Нам, гитисовцам из бутафорского – мебельщикам, – полагалось приносить на сцену, а потом уносить тяжеленные столы, диваны из настоящего старого дерева, пудовые ореховые шкафы, стулья, садовые скамьи… А после спектакля, когда рабочие сцены растаскивали по сторонам ставки павильонов, завязывали узлами кулисы и «натуживали» падуги с аппликациями осенней листвы сада дома Прозоровых, мы с моим товарищем иногда выдвигали назад диваны из третьего акта и, представьте себе, счастливо укладывались спать в тепле мхатовской сцены, в густом пропыленном воздухе, разогретом зрительским дыханьем, прокаленном жаром софитов и трепетным волнением великих артистов великого театра… Но это случалось ох как не часто! А так всякий день мы, стуча зубами, мчались, оскальзываясь, вниз по льду саратовских продувных улочек на Бахметьевскую, к пробранному насквозь жестоким морозом общежитию Медицинского института. Стены комнат там посверкивали от инея, как после метели, и мы, не раздеваясь, торопливо шмякались прямо в пальто на свои кровати, крепко завязав под подбородком уши зимних шапок и замотав кашне.
Ужасно холодная зима наступила после той страшной осени…
Осень сорок первого.
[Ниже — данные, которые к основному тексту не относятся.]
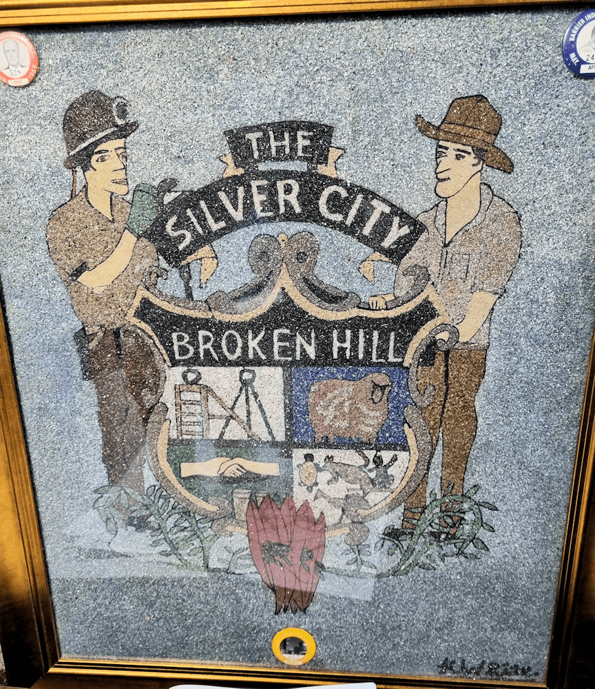 At the centre of the gallery is mineral art; a style that Kevin White pioneered. While working underground as a miner, White began experimenting with crushed rocks and minerals from the Line of Lode. Initially, it was a way to pass the time and use materials close at hand. Over time, he refined his technique, arranging finely ground minerals of different natural shades to depict local landscapes, mine headframes, and scenes of daily life. His works captured the colours and textures of the land itself, turning Broken Hill’s ore into a medium for storytelling. What started as a miner’s pastime grew into a unique art form now recognised as one of the city’s creative treasures.

Две прогулки
Это было то ли четырнадцатого, то ли пятнадцатого октября. Уж не помню, почему мы с Ильей в тот день оказались вместе на площади Дзержинского. То ли он еще не уехал в Свердловск в Академию, то ли за чем-то вернулся в Москву на день-другой, но четко помню, как мы стояли у входа в метро и вдруг увидели, что все прохожие почему-то глядят вверх. Мы тоже подняли головы.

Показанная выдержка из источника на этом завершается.